Sovaldi (sofosbuvir) is the first drug that has been shown to safely and effectively treat certain types of hepatitis C infection without a need for interferon, the FDA said.

Hepatitis C is a viral disease that causes inflammation of the liver, which can lead to diminished liver function or liver failure. About 3.2 million Americans are infected with hepatitis C, according to the Centers for Disease Control and Prevention.

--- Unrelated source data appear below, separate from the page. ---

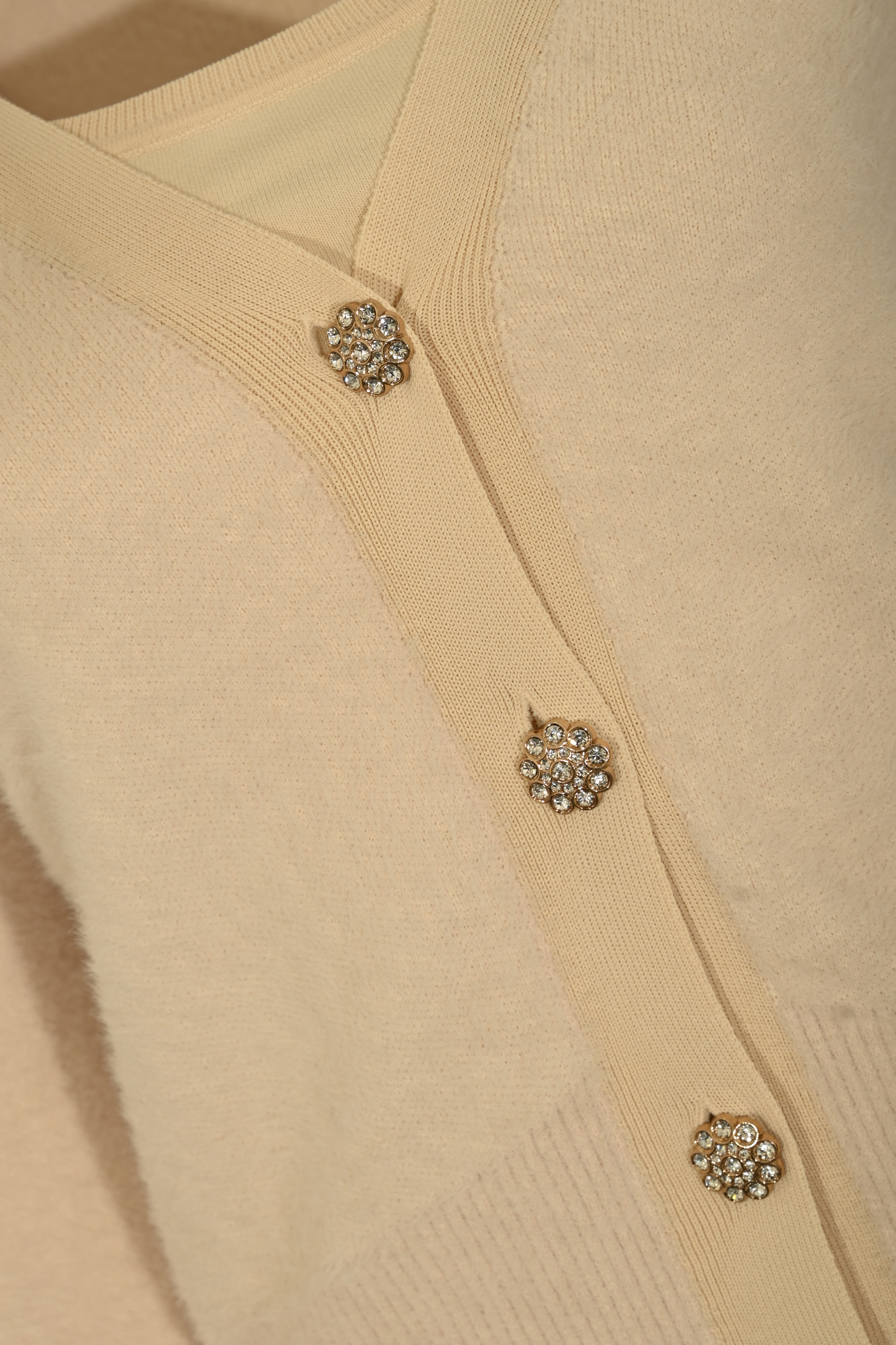 - Dettagli: cardigan corto con finiture a coste, bottoni dorati con cristalli, top sottostante coordinato tono su tono
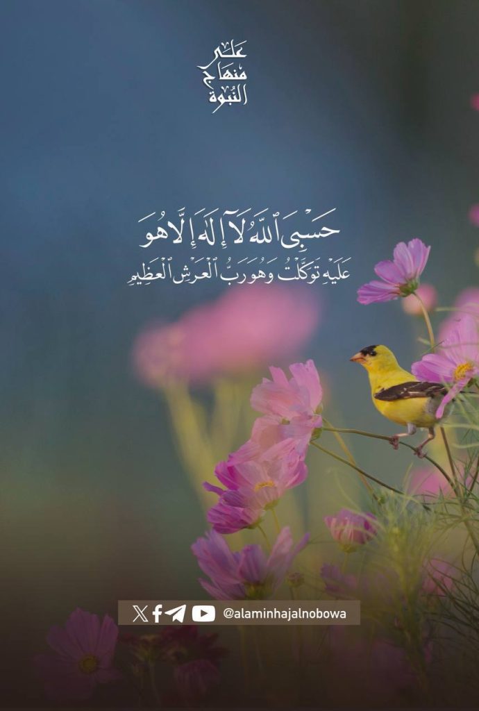 ﴿ فَإِن تَوَلَّوْا فَقُلْ حَسْبِيَ اللَّهُ لَا إِلَٰهَ إِلَّا هُوَ ۖ عَلَيْهِ تَوَكَّلْتُ ۖ وَهُوَ رَبُّ الْعَرْشِ الْعَظِيمِ﴾ [ التوبة: 129]
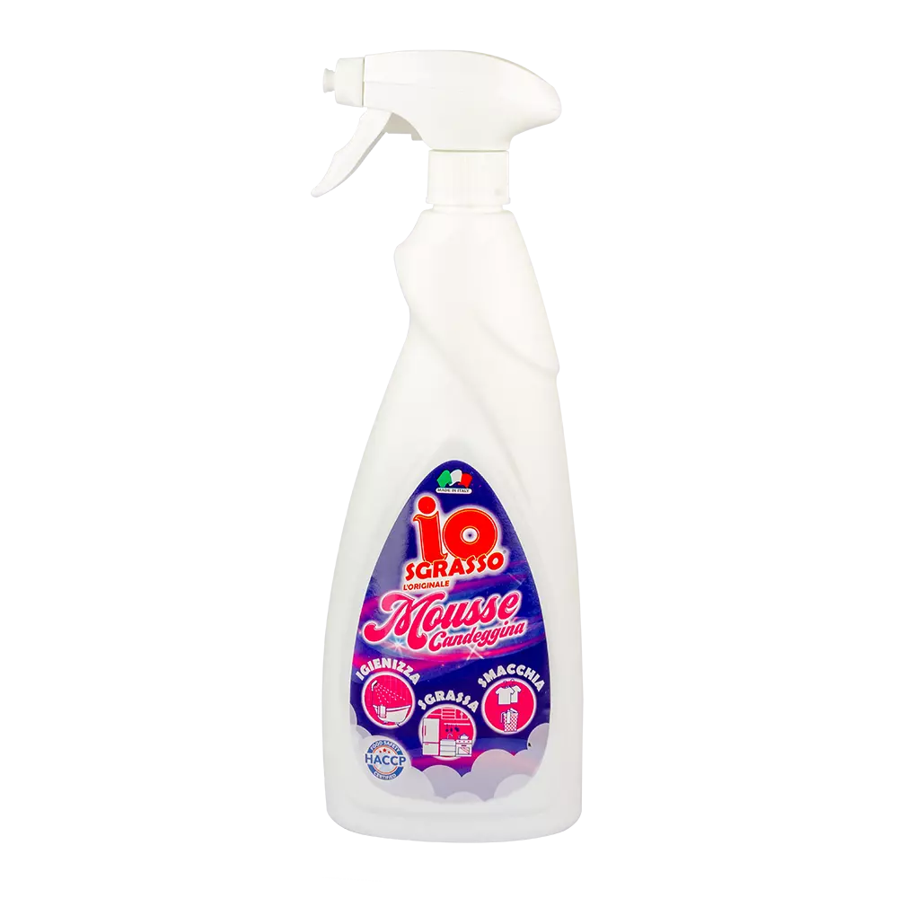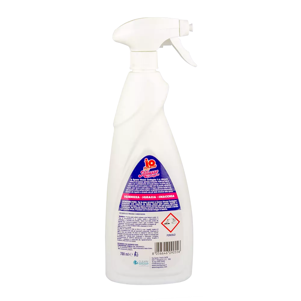 Універсальний спрей-мус Io Sgrasso підходить для чищення найрізноманітніших поверхонь. Його дія швидка і цілеспрямована: вона дезінфікує, знежирює та видаляє навіть стійкий бруд, не залишаючи слідів та розводів. Видаляє жир з плит, каструль, посуду для духовки та всього кухонного приладдя, видаляє навіть найстійкіші плями з білої білизни. Його текстура мусу робить його справді унікальним!
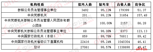 從五大系統(tǒng)分析,僅有中央黨群機(jī)關(guān)參照公務(wù)員法管理人民團(tuán)體和群眾團(tuán)體博考慮達(dá)到百分之百,中央黨群機(jī)關(guān)、中央黨群機(jī)關(guān)參照公務(wù)員法管理事業(yè)單位和中央國(guó)家行政機(jī)關(guān)(本級(jí))這三個(gè)系統(tǒng)均留下一個(gè)“老大難”職位,其中,中央黨群機(jī)關(guān)參照公務(wù)員法管理事業(yè)單位和中央黨群機(jī)關(guān)兩個(gè)系統(tǒng)的競(jìng)爭(zhēng)比例超過(guò)了100:1,分別為123.13、157.48,可見(jiàn)中央黨群是考生偏愛(ài)的對(duì)象。
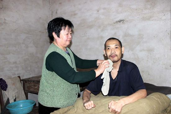 2002年,趙玉蘭退休,可以專心伺候孫源了。然而,幸福在2009年12月13日戛然而止。這天,孫源獨自過馬路時,被一輛疾馳而來的轎車撞飛30多米,鼻子、嘴里都是血,左腿骨折,腦部中度腦震蕩,時而清醒時而糊涂,加之右腿自小無力,只能臥在床上了。自那以后,趙玉蘭再也沒有清閑過,沒睡過一個安穩覺,哪里也去不了。起來一天陪他說話、喂飯喝水、按摩、換尿布,一步也不能離開。“看著孩子這樣,咱受點苦累都不要緊,只要我活一天就照顧孩子一天!”趙玉蘭說。
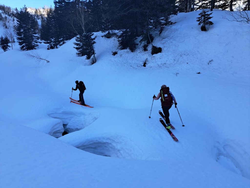 Co1200からスキー。途中でデブリを超える。
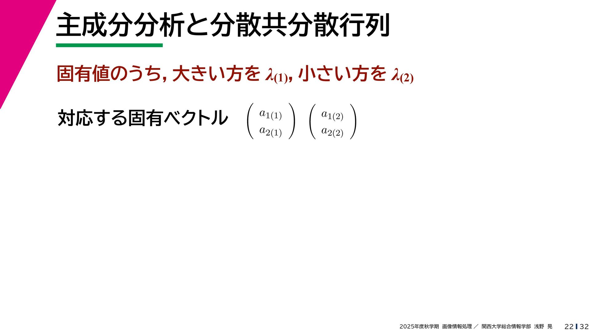 21. 32 2025年度秋学期 画像情報処理 / 関西大学総合情報学部 浅野 晃 主成分分析と分散共分散行列 22 固有値のうち,大きい方を λ(1) ,小さい方を λ(2) 対応する固有ベクトル
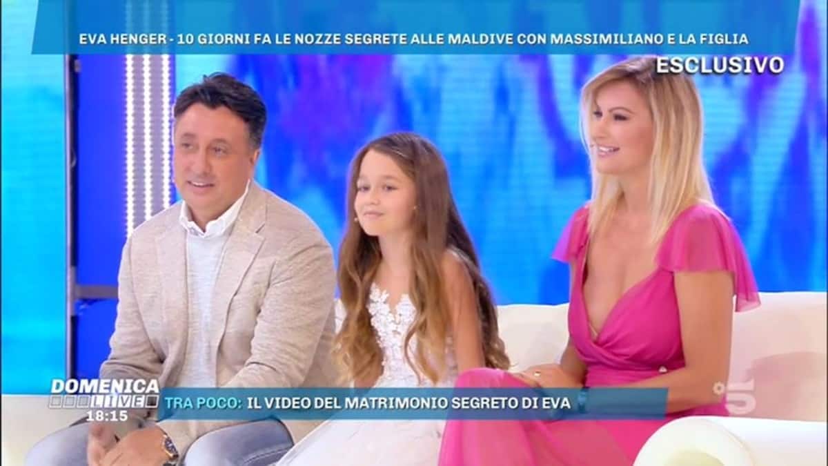 Eva Henger ha sposato il suo Massi alle Maldive. Per celebrare i quindici anni insieme l’ex naufraga ha fatto le seconde nozze lontano dall’Italia per festeggiare il legame con il compagno e celebrare l’unione della sua famiglia. All’evento erano però assenti i suoi due figli più grandi perché impegnati a lavorare a Roma. Le immagini in esclusiva sono andate in onda a Domenica Live, durante l’ultima puntata del contenitore di Canale 5 condotto da Barbara d’Urso. Grazie alla conduttrice, però, Mercedesz è comunque riuscita a fare alla madre una bellissima sorpresa arrivando in studio con il suo abito nuziale.
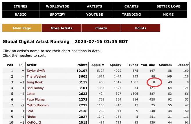 정국의 글로벌 디지털 아티스트 랭킹은 테일러 스위프트, 더위켄드에 이은 3위다. 정국은 유튜브와 Deezer 점수가 각각 0점에 그쳤다. 4위인 스페인어권 가수 배드 버니의 유튜브 점수는 121점, 역시 스페인어로 노래를 자주 부르는 캐롤G(10위)의 유튜브 점수는 529점이나 된다.
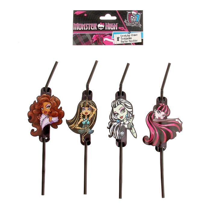 1332264 (1502-1333) Набор черных трубочек для коктейлей "Монстры Хай: Граффити" (8 шт.)
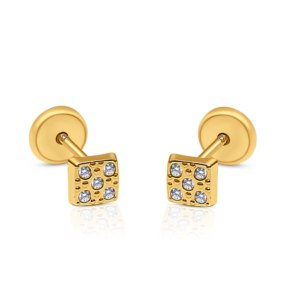 Pendientes de tuerca finos de oro rosa de moda certificados por GIA, piedras cuadradas CZ, compromiso adecuado, patrón de forma de tornillo chapado en oro
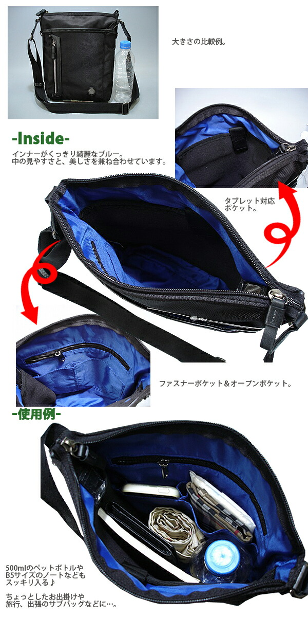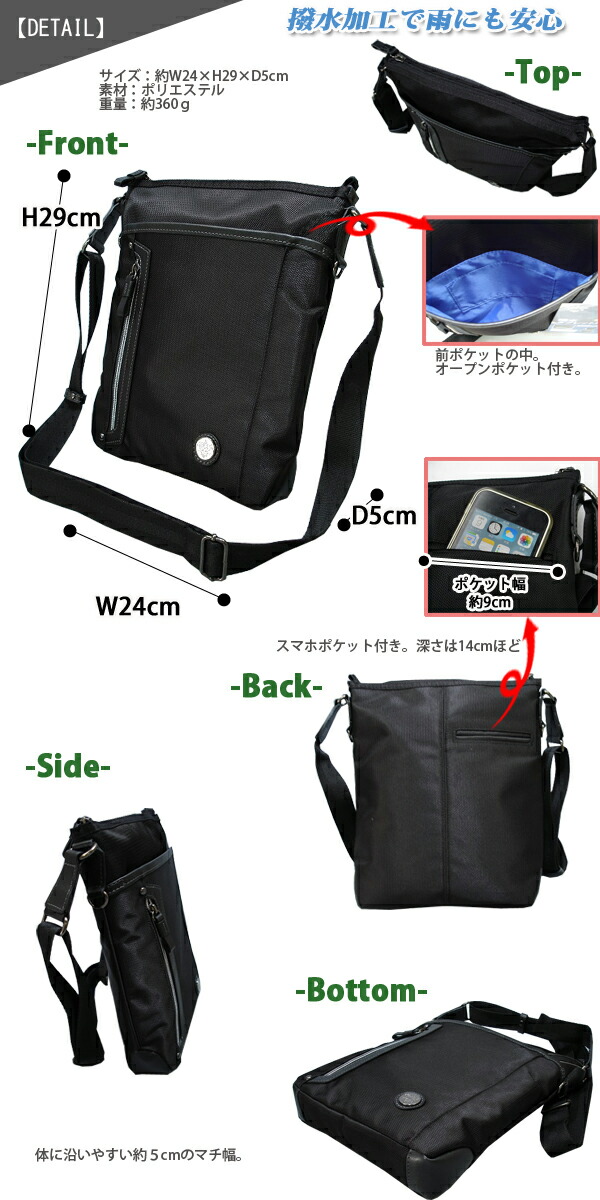 ギャッツビーシリーズより撥水加工された多機能満載のショルダーです! B5サイズ対応、しっかりとした作りの上質な縦型ショルダーです。 小ぶりですが、ポケットも多く、大変使いやすいショルダーになっております! 前面はオープンポケットや縦向きにファスナーポケットが付いています! 本体内部は鮮やかなブルーのインナーで中身も見やすく、背面側にタブレットPC対応のオープンポケット付き。 ファスナーポケットや、携帯電話用、小物用のポケットも付いています! 背面には約W9×T14cmほどの大きさのスマホポケットが付いていて、大変便利です! 男女を問わず お仕事や、旅行、普段使いなどさまざまなシーンでお使いいただけます。 シニアの方にも大人気! 【サイズ】幅24×高さ29×奥行5cm 【重さ】約360g 【素材・成分】ポリエステル 【生産国】ベトナム | |
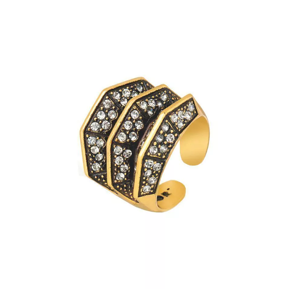 O Anel Maxi Strass Labirinto foi produzido artesanalmente, aplicando as técnicas da joalheria, no banho Ouro Vintage, com cristais cravejados manualmente.
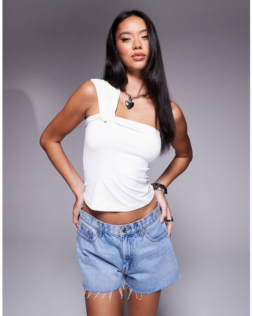 Oberteile von ASOS DESIGN Bandeaustil Cape-Träger Knotendesign Schmale Passform. Farbe: blau
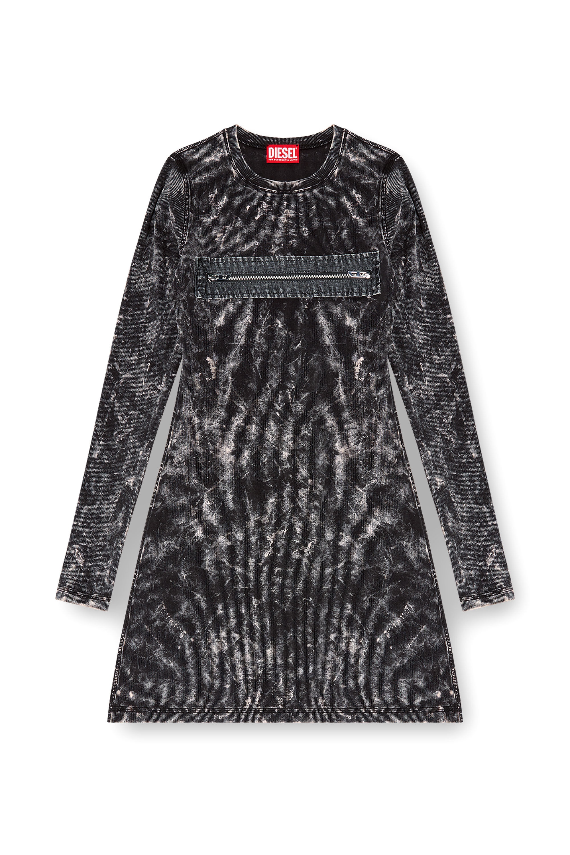 Product Description Women's long-sleeve dress in ribbed stretch jersey, crafted using organic cotton. Treated to recall the crinkled, marbled fade of acid-wash denim, this bodycon mini exposes more than just the legs – the utilitarian, denim-trimmed zip over the decolletage can be adjusted to create skin-flashing cut-outs. External overlock stitching adds an inside-out feel. ID: A173180AKBU Size & Fit Model is wearing a size S and is 175 cm / 5'7'' Check the size chart to choose the correct size. Materials & Details Composition: 94%Cotton 6%Elastane-Spandex, Application 100%Cotton Slim fit Two-way zip fastening chest cut-out Unlined

Sovaldi is the second drug that the FDA has approved in the past two weeks to treat chronic hepatitis C virus infection. Olysio (simeprevir) was approved on November 22.

Dr. John Ward, director of the Division of Viral Hepatitis at the CDC, in a statement called this a “landmark advance in the treatment of hepatitis C, opening up new opportunities to stop the spread of this virus and the ravages of this disease.”

But new therapies only work if people actually receive treatment, he added.

“The potential of these and other treatment advances hinges entirely on our ability to get more people screened and into care,” he said. “Right now, most Americans with hepatitis C don’t access treatment because they have no idea they’re infected.”

Chronic hepatitis C infection can lead to long-term health problems and even death, according to the CDC. The virus is spread primarily when individuals have contact with the blood of someone who is infected.

Sharing needles or equipment to inject drugs is how most people who become infected acquire the disease.

The disease can also be spread through sexual contact, but the risk is believed to be low, according to the CDC. Sharing personal items such as razors or toothbrushes, which may have had contact with the blood of someone who is infected, is another less common risk.

It may take several years for symptoms to become apparent to individuals infected with hepatitis C. Most people with the disease have no symptoms until liver damage becomes apparent.

Symptoms may include fever, fatigue, loss of appetite, vomiting, nausea, abdominal pain, dark urine, clay-colored bowel movements, joint pain and jaundice, according to the CDC.

The disease is the most common cause of cirrhosis and liver cancer, and the leading reason for liver transplantation in the country, according to the CDC. Hepatitis C causes about 15,000 deaths each year in the United States.

The CDC urges all U.S. baby boomers, and others at risk, to get tested for hepatitis C.

“Widespread screening, together with new cures, promises to slash the burden of hepatitis C in this country and save thousands of lives,” Ward said.